To keep this project on schedule, each part of the job was broken down, using Short Interval Planning (SIP) schedules, into a micro schedule that could be managed and updated weekly. It was necessary to do this to set our team’s expectations in line with both the main schedule and the general contractor’s schedule. In addition to using SIP scheduling, after first occupancy we increased face-to-face collaboration on the jobsite by holding joint base building and tenant fit-out meetings.

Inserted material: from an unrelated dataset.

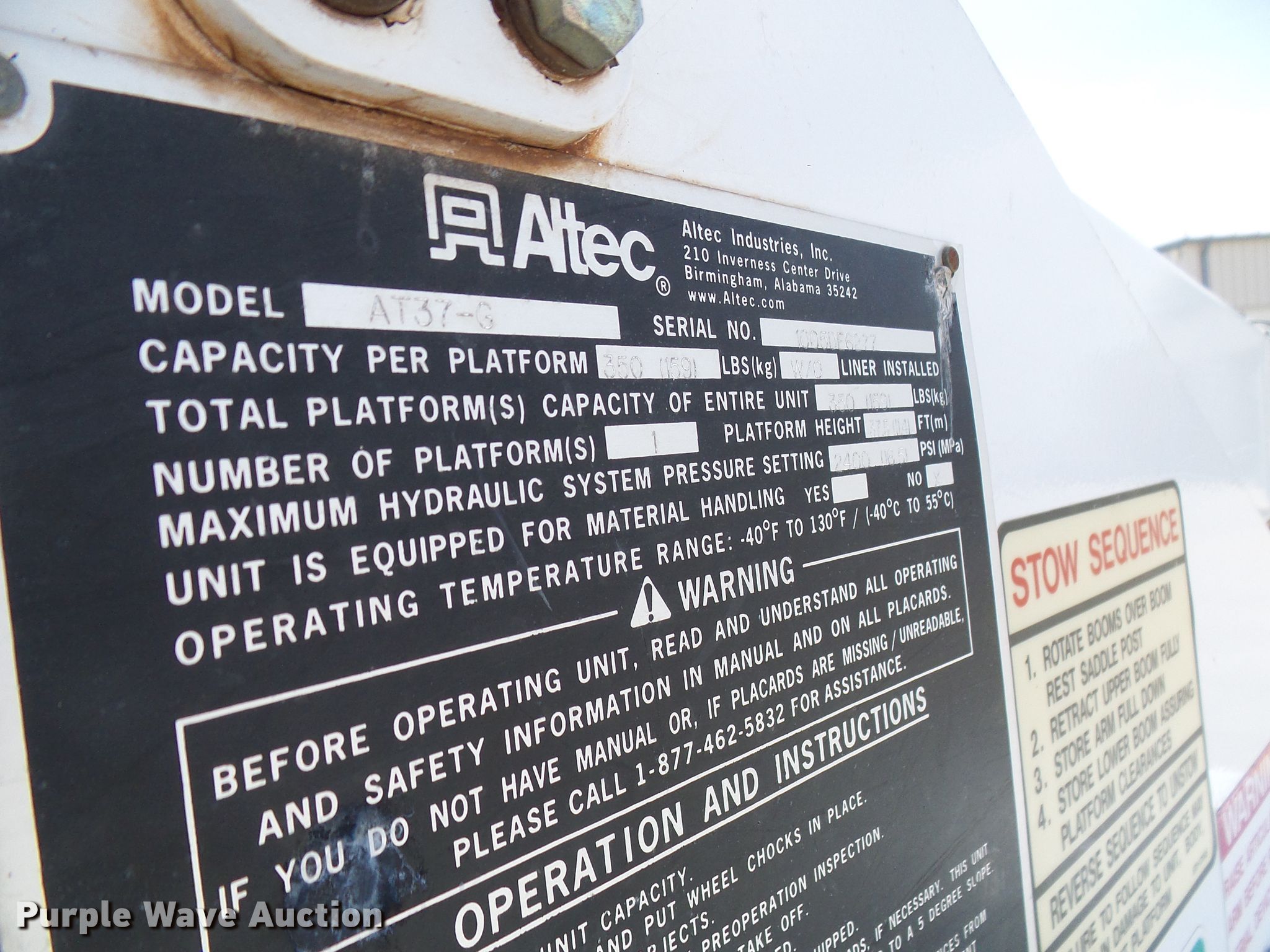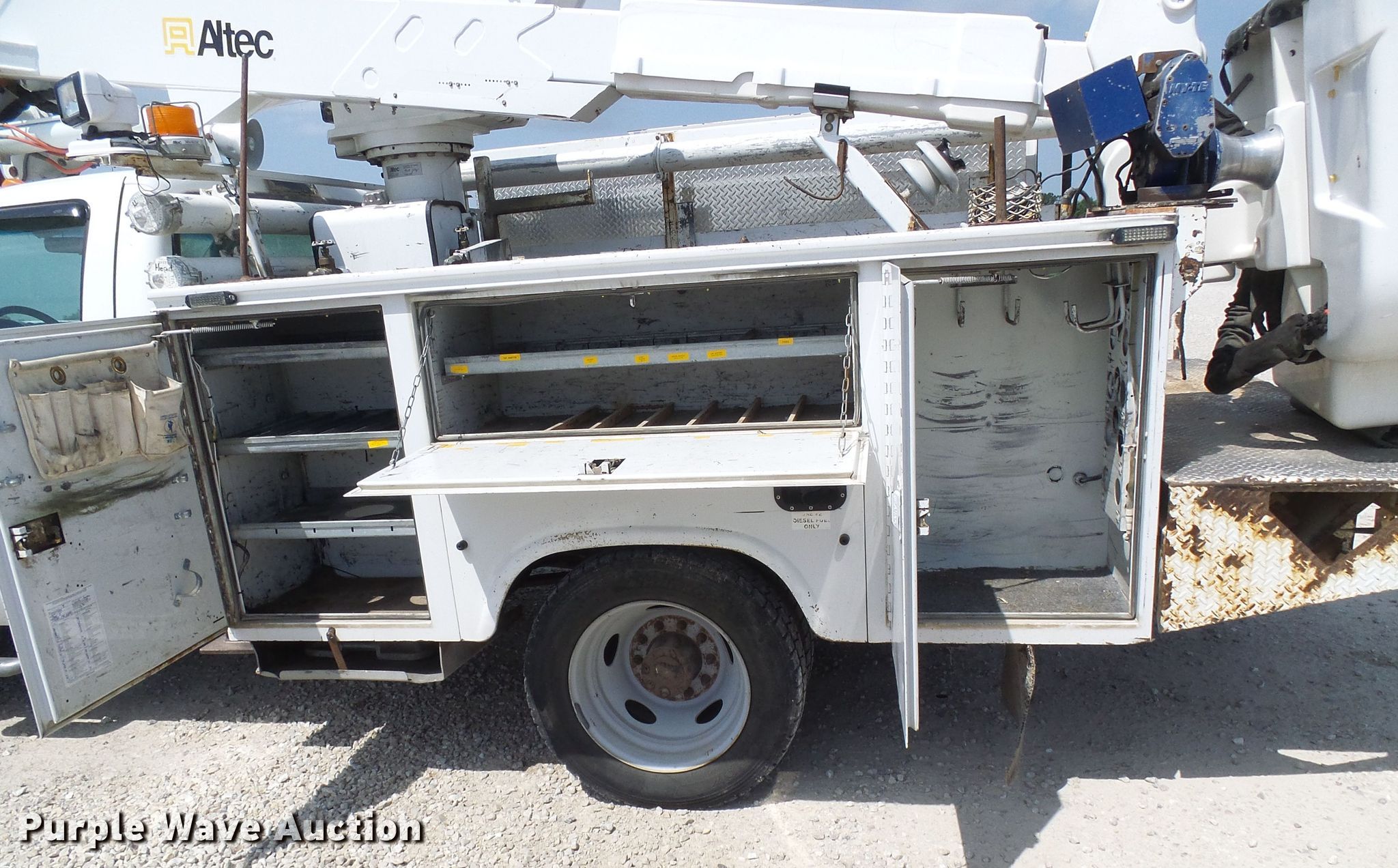 2006 Ford F550 Super Duty bucket truck. 288,000 miles on odometer, Unit #: 9. Engine Displacement: 6.0L OHV 32V, Cylinders: 8, Fuel type: Diesel. Transmission Manual, Speed: 5. Chassis Four wheel drive, Axles: Single, Suspension: Spring, Brakes: Hydraulic, PTO. Interior AC, Heat. Operational Utility bed Altec, Length: 8', Boom Altec AT37G, Serial: 1005DF6277, Maximum lift capacity: 350 lbs, Maximum lift height: 37.5', Boom type: Articulating, Insulated, Telescopic, Man basket, Boom controls Ground, Platform/ basket.. Tires Size: 225/70R19.5. Missouri title. Mileage has not been verified. Odometer discrepancy will be marked on the title. 1FDAF57P06EB20973. Co-Mo Electric Cooperative. 448 Richard Blvd. Tipton, MO 65081

Shapiro & Duncan’s Virtual Design and Coordination (VDC) team was another key to meeting this project’s schedule. Using our cutting-edge Building Information Modeling (BIM) system, our VDC team, as the lead BIM subcontractor, ran 3D clash detection for all piping, ductwork and DOAS-related equipment with all other subcontractors and utility installation subcontractors (including sheet metal, sprinkler and electrical). These BIM models were then turned over to our 51,000 square-foot fabrication shop in Landover, Md., where approximately 75 percent of Shapiro & Duncan’s installations were pre-fabricated for delivery to the jobsite.
Results
Despite the speed required on this project, our team met all substantial completion dates and turned the building over to the owner one week early. This included both Phase I tenant move-in, and Phase II occupancy of the rest of the building, a week ahead of time. Early completion required an extraordinary collaborative effort on the part of all subcontractors on this project. This is because the medium-pressure base building ductwork was being installed at the same time as the low-pressure tenant fit-out ductwork, along with all of the above-ceiling and in-wall utilities. In fact, in the opinion of our project management team, this was the most qualified and best collaborative team of subcontractors experienced in their 25 years in construction. Hats off to the general contractor, Clark Construction, for being the driving force behind this superlative collaboration effort.
Undoubtedly, on large, fast-paced design/assist projects such as Midtown Center, proper planning and smooth execution are the keys to success. As our team demonstrates time and again, no project is too large or too fast for Shapiro & Duncan!